D PROJECT (The) – the Sagarmatha Dilemma
Stéphane Desbiens et son D Project reviennent avec un second opus. Contrairement au premier « Shimmering Lights« sorti en 2006, ce nouvel album affiche une meilleure homogénéité. L’accent est également plus mis sur les ambiances que sur la technique. A ce propos, les passages jazz-rock sont bien moins présents.
Le chant de Desbiens trouve mieux sa place sur ces nouveaux morceaux. L’approche floydienne du guitariste est indéniable. Ses envolées sont de petites merveilles qui n’ont rien à envier à un Gilmour. S’il est toujours accompagné du bassiste Mathieu Gosselin, cette fois la batterie est tenue par Jean Gosselin. On trouve aussi au violoncelle Francis Delisle, aux violons Sandra Poulin et aux backing vocals Alissar et Francis Foy. L’équipe est donc quasi inchangée.
Comme sur l’album précédent, il y a quelques invités de marque. Cette fois il s’agit de Stu Nicholson de Galahad qui assure le chant sur le morceau titulaire, Brett Kull de Echolyn pour un solo, Derek Sherinian (ex-Dream Theater) et John Green (Singularity).
L’exceptionnel « Closer to My Soul / Closer to Heaven » ouvre l’album avec des tons très floydiens. On se laisse alors embarquer par l’ambiance. A un moment guitare et violoncelle feront quelques échanges de toute beauté. Sur le morceau titulaire, Stu Nicholson brille. Le superbe grain de sa voix donne une nouvelle couleur vocale à l’album.
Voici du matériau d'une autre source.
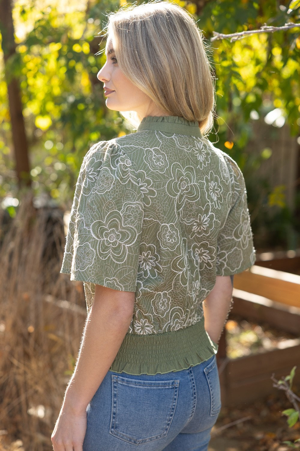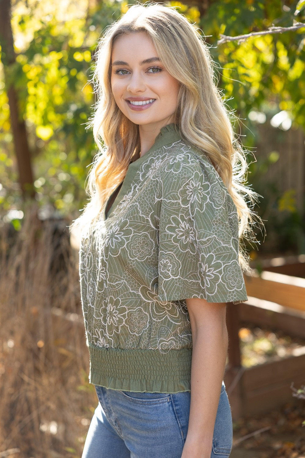 Discover effortless elegance with our Enchanted Forest Embroidered Top in soft olive green. This charming piece features delicate floral embroidery that catches the light beautifully, paired with romantic flutter sleeves and a flattering smocked hem. The gentle V-neckline adds a touch of sophistication while keeping things breezy and comfortable. Crafted from lightweight fabric, it's the perfect companion for warm-weather adventures—whether you're strolling through farmers markets or enjoying sunset gatherings. A versatile wardrobe essential that feels as lovely as it looks.

La basse dynamise l’ensemble soutenue efficacement par la batterie. Ce titre plus énergique est un des grands moments de cet opus. Desbiens reprend le chant à son compte avec « The Red Mountain ». Les couleurs sont plus tournées vers un Floyd version Roger Waters. L’ambiance plus tendue et mélancolique y contribue. Mais d’autres espaces se glissent parmi cette longue pièce. La guitare acoustique y trouve sa place tout comme le violon et Desbien nous offre un long et sublime solo à la sensibilité à fleur de peau.
Après ces trois pièces exceptionnelles, les quatre titres suivants sont plus courts, plus directs aussi. L’influence de Genesis baigne « Thin Air », principalement à cause des synthés. L’ambiance acoustique de « Even if I Was Wrong » soutient une chanson principalement vocale, les arrangements étant réduits à bien peu de choses dans sa première moitié. Puis cela s’étoffe et la guitare s’aiguise. C’est sur « Radio Sherpa » qu’on trouve Derek Sherinian. Evidemment cela s’entend. Comme c’est un instrumental, c’est aussi l’occasion pour les musiciens de se mettre en valeur. Le bassiste y fait quelques lignes qui ont tout de la dynamite. « I’m Coming Down (I Shall Go Back) » termine l’opus en force. C’est le seul titre co-écrit par Desbiens et Mathieu Gosselin. Au sein de cette puissante finale, il y a aussi un passage d’une douceur confondante comprenant quelques tons jazz-rock.
En résumé, ce nouvel album de The D Project est plus cohérent et plus consistant que le précédent. Le chant de Desbiens s’est bonifié et son jeu est plus au service de l’ensemble. Bref, il vous est vivement conseillé.